Preferably, during the screening culture, the streak screening culture is performed 3 times.
In another aspect of the present invention the use of any Bacillus qing (Bacillus renqingensis) in a) or b) as follows is also claimed:
a) producing a sauce-flavor substance;
b) preparing the microbial agent for producing the Maotai-flavor liquor.
The invention has the following advantages:
experiments prove that the new strain, namely the Bacillus renqingensis, is provided, and the strain can be used for separating wine brewing pit mud, can generate substances with sauce flavor and can be used for fermenting and brewing wine.

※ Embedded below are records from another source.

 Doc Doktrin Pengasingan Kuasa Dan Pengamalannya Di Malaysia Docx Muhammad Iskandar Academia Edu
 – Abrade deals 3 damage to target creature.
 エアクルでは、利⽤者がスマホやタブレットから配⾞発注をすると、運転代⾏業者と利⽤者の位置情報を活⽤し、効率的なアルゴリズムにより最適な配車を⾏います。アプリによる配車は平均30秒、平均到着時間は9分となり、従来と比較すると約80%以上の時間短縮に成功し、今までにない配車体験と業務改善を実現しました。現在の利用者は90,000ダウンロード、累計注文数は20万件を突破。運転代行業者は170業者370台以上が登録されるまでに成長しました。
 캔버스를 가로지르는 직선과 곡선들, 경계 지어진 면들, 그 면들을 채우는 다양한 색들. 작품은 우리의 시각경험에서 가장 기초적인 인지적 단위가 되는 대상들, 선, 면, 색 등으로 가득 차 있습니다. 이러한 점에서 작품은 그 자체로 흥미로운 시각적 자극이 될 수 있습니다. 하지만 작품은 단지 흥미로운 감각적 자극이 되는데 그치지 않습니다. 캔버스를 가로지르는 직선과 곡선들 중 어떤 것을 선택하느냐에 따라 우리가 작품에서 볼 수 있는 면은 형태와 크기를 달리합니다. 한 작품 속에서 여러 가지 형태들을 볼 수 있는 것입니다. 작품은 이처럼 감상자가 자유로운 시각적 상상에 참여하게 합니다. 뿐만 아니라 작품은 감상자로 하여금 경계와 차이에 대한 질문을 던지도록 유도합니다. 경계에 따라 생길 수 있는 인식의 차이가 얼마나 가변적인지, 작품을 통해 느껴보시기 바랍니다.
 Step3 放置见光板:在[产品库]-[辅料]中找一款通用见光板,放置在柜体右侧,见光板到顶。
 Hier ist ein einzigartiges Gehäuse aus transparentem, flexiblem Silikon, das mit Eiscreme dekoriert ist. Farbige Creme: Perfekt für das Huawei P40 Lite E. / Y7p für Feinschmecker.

Bacterial preservation description: the Bacillus qingqingensis (Bacillus renqingensis) is preserved in the common microorganism center of China general microbiological culture Collection center in 2019 in 12 and 30 months, and the preservation address is as follows: the preservation number of the microbial research institute of Chinese academy of sciences, No. 3 Xilu No.1 of Beijing, Chaoyang, and the institute of microbiology, is CGMCC NO. 1.17385.
Drawings
In order to more clearly illustrate the embodiments of the present invention or the technical solutions in the prior art, the drawings used in the description of the embodiments or the prior art will be briefly described below. It should be apparent that the drawings in the following description are merely exemplary, and that other embodiments can be derived from the drawings provided by those of ordinary skill in the art without inventive effort.

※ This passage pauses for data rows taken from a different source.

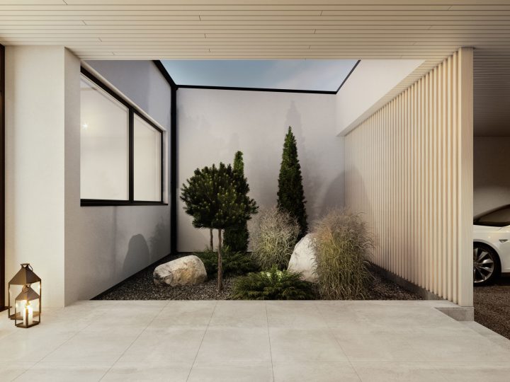 Korona edustaa aikaa kestävää pohjoismaista arkkitehtuuria, johon on tuotu 70-luvun tunnelmaa atrium-tyylisellä sisäänkäynnillä ja takapihalla. Koronan suunnittelun yksi kantavista teemoista on läpinäkyvyys. Keittiöstä ja olohuoneesta on vapaa näkymä asunnon läpi. Luonto ja maisema ovat koko ajan läsnä ja luonnonvalon määrä on maksimoitu. Korona valmistui loppuvuodesta 2019, jolloin uudet asukkaat pääsivät viettämään joulua uudessa upeassa kodissa.
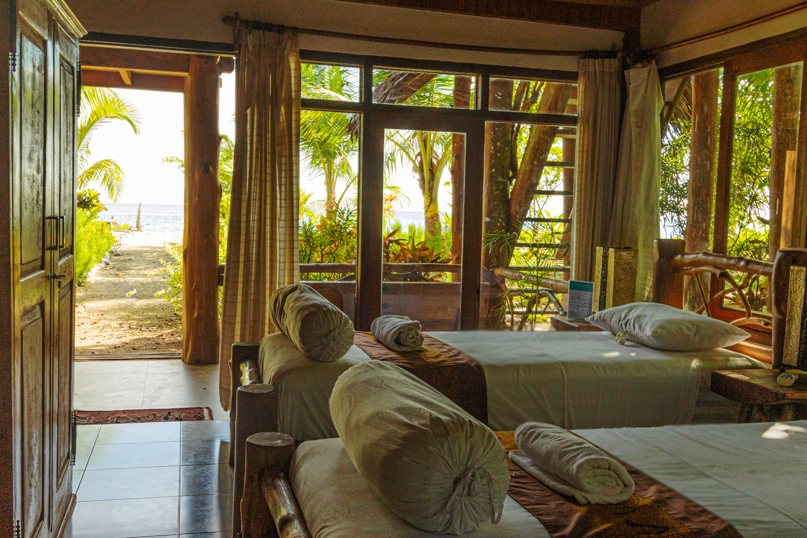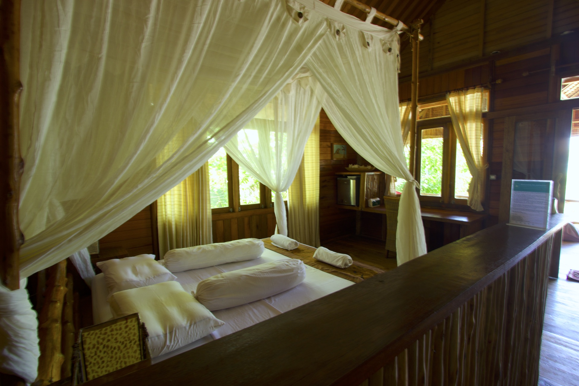 Orthopaedic mattresses, 400 thread count sheets, air conditioning and hot water (all rooms beside Santai Bungalows), mini-bar, a private bathroom and differentiated lighting decoration, ensure the welfare and comfort of guests. All the furnishings were made at the island resort using wood found on the beach ensuring a rustic and unique design.
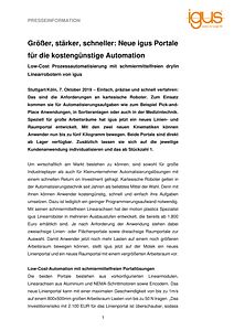 Um wirtschaftlich am Markt bestehen zu können, sind sowohl für große Industrieplayer als auch für Kleinunternehmer Automatisierungslösungen mit einem schnellen Return on Investment gefragt. Kartesische Roboter gelten in der Automatisierungstechnik seit Jahren als beliebtes Mittel der Wahl. Denn mit ihnen können Anwender kostengünstig, schnell und einfach ihre Aufgaben umsetzen. Dazu ist lediglich ein geringer Programmierungsaufwand notwendig. Mit seinen schmiermittelfreien Linearachsen hat der motion plastics Spezialist igus Linearroboter in mehreren Ausbaustufen entwickelt, die bereits ab 1.800 Euro erhältlich sind. Je nach Anforderung der Anwendung stehen dabei zweiachsige Linien- oder Flächenportale sowie dreiachsige Raumportale zur Auswahl. Damit Anwender jetzt noch mehr Lasten auf einem noch größeren Arbeitsraum bewegen können, stellt igus jetzt auf der Motek ein neues Linienportal und ein neues Raumportal mit einem vergrößerten Arbeitsraum vor.

FIG. 1 is a transmission electron micrograph of Bacillus licheniformis (Bacillus renqingensis) provided by the present invention;
FIG. 2 is a diagram showing the detection result of polar ester of Bacillus anylucidus provided by the present invention;
FIG. 3 is the 16S rDNA sequence and the evolutionary tree diagram of the Bacillus licheniformis (Bacillus renqingensis) provided by the invention.
Detailed Description
The present invention is described in terms of particular embodiments, other advantages and features of the invention will become apparent to those skilled in the art from the following disclosure, and it is to be understood that the described embodiments are merely exemplary of the invention and that it is not intended to limit the invention to the particular embodiments disclosed. All other embodiments, which can be derived by a person skilled in the art from the embodiments given herein without making any creative effort, shall fall within the protection scope of the present invention.
Example 1 isolation and characterization of Bacillus anyhow (Bacillus renqingensis)
Isolation of Bacillus renqingensis
The invention relates to a method for screening, culturing and separating white spirit cellar mud in Sichuan white spirit brewing factories which brew white spirit by using Bacillus renqingensis (Bacillus renqingensis), which comprises the following steps:
taking 10g of pit mud, and diluting the pit mud to 10g by using sterile distilled water-5Coating on a culture dish of a high-sugar culture medium, and carrying out aerobic culture at 37 ℃; wherein, the formula of the high-sugar culture medium is as follows: 1g of glucose, 1.8g of maltose, 0.75g of arabinose, 0.9g of fructose (levorotatory), 0.75g of xylose, 0.75g of ribose, 0.9g of galactose, 0.9g of mannose, 1.7g of sucrose, 0.5g of pectin, 0.5g of starch, 0.46g of glycerol, 5g of tryptone, 5g of yeast extract powder and 1000ml of deionized water. On a high-sugar screening culture medium, aerobic culture is carried out for 48h at 37 ℃, then a single colony is picked, three regions are scribed, separated and purified for 3 times to obtain separated and purified pure culture bacteria, a high-sugar culture medium is adopted in the first separation step, common bacteria are slow in propagation, new bacillus bacteria difficult to culture grow on the same culture dish are fast in growth, and the influence of conventional microorganisms is small.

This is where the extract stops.